## What you are asked to do
Set down only the lines from the one containing "In addition to" through the final line of the entries below, exactly as they stand, with no pictures.

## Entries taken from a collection
◇ ◇ ◇ ◇ ◇ ◇ ◇

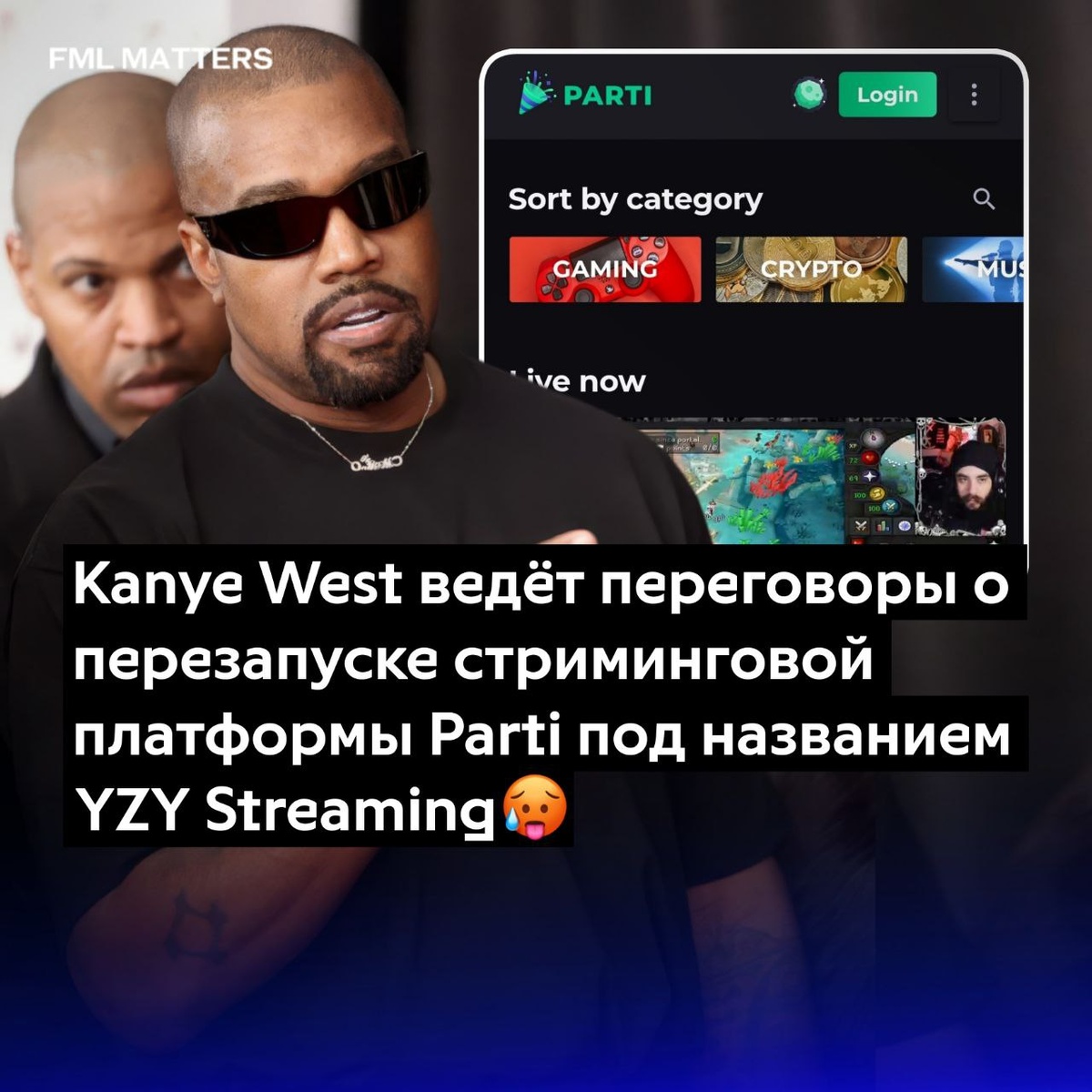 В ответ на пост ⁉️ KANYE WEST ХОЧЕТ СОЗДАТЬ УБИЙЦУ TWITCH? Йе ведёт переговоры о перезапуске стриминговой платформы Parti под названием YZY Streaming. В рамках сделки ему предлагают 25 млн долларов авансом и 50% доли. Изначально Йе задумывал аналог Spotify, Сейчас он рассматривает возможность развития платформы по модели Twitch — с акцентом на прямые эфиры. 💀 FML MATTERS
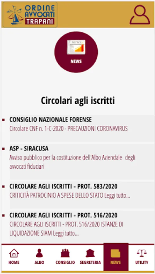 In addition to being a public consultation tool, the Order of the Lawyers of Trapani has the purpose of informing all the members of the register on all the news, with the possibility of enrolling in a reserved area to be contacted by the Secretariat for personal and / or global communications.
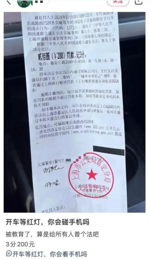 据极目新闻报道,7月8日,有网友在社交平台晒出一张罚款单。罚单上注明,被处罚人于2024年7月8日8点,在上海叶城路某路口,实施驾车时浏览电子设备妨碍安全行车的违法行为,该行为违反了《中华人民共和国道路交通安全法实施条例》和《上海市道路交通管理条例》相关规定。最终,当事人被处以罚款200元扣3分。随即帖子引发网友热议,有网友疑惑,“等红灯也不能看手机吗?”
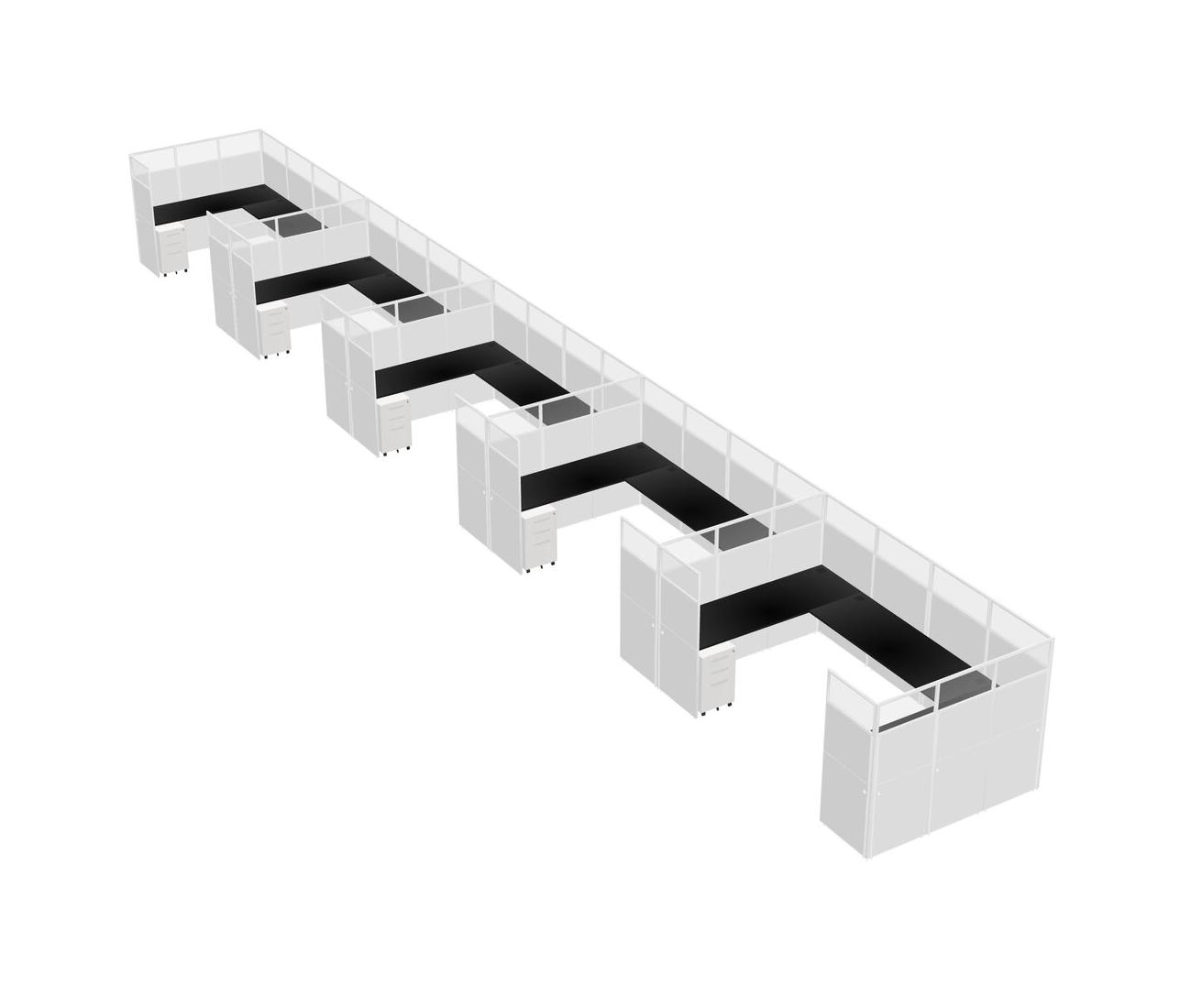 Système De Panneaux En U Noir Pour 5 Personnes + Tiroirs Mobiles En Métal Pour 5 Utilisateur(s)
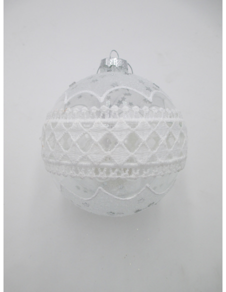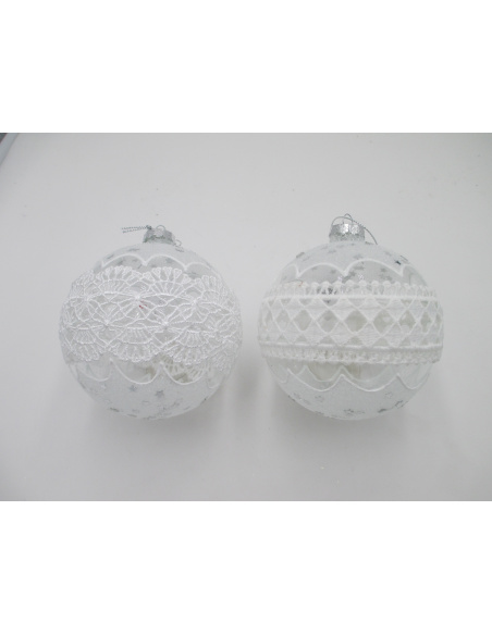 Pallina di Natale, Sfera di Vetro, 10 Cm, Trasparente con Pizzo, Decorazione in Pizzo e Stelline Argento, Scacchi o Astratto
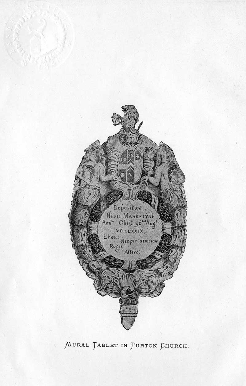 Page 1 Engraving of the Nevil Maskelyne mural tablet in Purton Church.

◇ ◇ ◇ ◇ ◇ ◇ ◇

## Result below
 In addition to being a public consultation tool, the Order of the Lawyers of Trapani has the purpose of informing all the members of the register on all the news, with the possibility of enrolling in a reserved area to be contacted by the Secretariat for personal and / or global communications.
 据极目新闻报道,7月8日,有网友在社交平台晒出一张罚款单。罚单上注明,被处罚人于2024年7月8日8点,在上海叶城路某路口,实施驾车时浏览电子设备妨碍安全行车的违法行为,该行为违反了《中华人民共和国道路交通安全法实施条例》和《上海市道路交通管理条例》相关规定。最终,当事人被处以罚款200元扣3分。随即帖子引发网友热议,有网友疑惑,“等红灯也不能看手机吗?”
 Système De Panneaux En U Noir Pour 5 Personnes + Tiroirs Mobiles En Métal Pour 5 Utilisateur(s)
 Pallina di Natale, Sfera di Vetro, 10 Cm, Trasparente con Pizzo, Decorazione in Pizzo e Stelline Argento, Scacchi o Astratto
 Page 1 Engraving of the Nevil Maskelyne mural tablet in Purton Church.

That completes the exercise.